Im Affekt: Gott in einem Sandwich

Nr. 43 –

Ja, klar will ich es – dunkler, immer dunkler! Wenn er schon so fragt, oder eher: beschwört. «You Want It Darker» – wenn Leonard Cohen diese Zeilen haucht, dann hört man, dass er es auch will. Doch er ist schon mittendrin in der Dunkelheit. Der minimalistische Bass, das dumpfe Schlagzeug, die finstere Orgel und dann noch dieser Chor, der im Hintergrund bedrohlich an- und abschwillt. Der Effekt ist erstaunlich: Vor diesem schummrigen Hintergrund beginnt Cohens rauchgeschmirgelte Stimme zu glänzen. Man meint gar, das Stottern der langsamer werdenden Frequenzen zu hören, wenn er seine Stimme in immer tiefere Lagen schickt. Er geniesst es da unten.

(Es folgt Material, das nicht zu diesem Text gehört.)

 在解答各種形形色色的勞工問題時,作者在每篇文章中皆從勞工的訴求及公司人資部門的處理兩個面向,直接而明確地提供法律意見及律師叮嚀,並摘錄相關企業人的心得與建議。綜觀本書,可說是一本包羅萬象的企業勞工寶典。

Aber wart mal, mit diesem «You» bin sowieso nicht ich gemeint. Cohen spricht mit Gott persönlich, dem Dealer des Kartenspiels, aus dem der 82-Jährige bald auszuscheiden gedenkt: «Hineni, I’m ready, my Lord», hier bin ich (auf Hebräisch), ich bin bereit, mein Herr. Es ist ein abgrundtief düsteres Spiel, das Cohen in diesem Song beschreibt, und die Erlösung besteht höchstens darin, dass er bald nicht mehr mitspielt.

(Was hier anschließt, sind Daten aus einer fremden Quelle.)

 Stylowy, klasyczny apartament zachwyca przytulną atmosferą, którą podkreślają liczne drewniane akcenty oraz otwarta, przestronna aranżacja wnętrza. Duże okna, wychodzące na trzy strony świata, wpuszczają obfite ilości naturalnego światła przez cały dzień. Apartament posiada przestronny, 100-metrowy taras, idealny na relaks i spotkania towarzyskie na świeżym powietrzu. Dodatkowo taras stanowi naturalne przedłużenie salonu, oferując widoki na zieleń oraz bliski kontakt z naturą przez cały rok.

Es gibt ja diese Geschichten von Menschen, die auf dem Sterbebett ihren Draht ins Jenseits stärken, Geschichten, von denen man hofft, dass man sie selber nie erleben muss. Dass man nicht plötzlich heimgesucht wird von diesem Glauben, von dem man nie gewusst hat, was er überhaupt sein soll. Aber einer wie Cohen, der schon jede Form von Spiritualität ausprobiert hat, die auf dem Markt der Religionen angeboten wird, und am Ende in die Dunkelheit statt ins Licht fährt, der müsste ja Rat wissen.

Er wisse, dass jedes menschliche Leben einen spirituellen Anteil habe, sagte Cohen in einem grossartigen Porträt in der Zeitschrift «New Yorker». Das sei bloss eine Realität, von der man beeinflusst werde, die man aber nicht durchdringen könne. Daraus spreche die Stimme Gottes. Manchmal sage sie auch, man solle ein Sandwich essen. Und jetzt gerade sagt sie offenbar, ich soll diesen Song hören. Wenn Gott nur das ist, dann kann ich mit ihm leben.

Wenn Bob Dylan das Telefon partout nicht abnehmen will, könnte die Schwedische Akademie ja mal Herrn Cohen fragen, ob er den Nobelpreis annehmen möchte.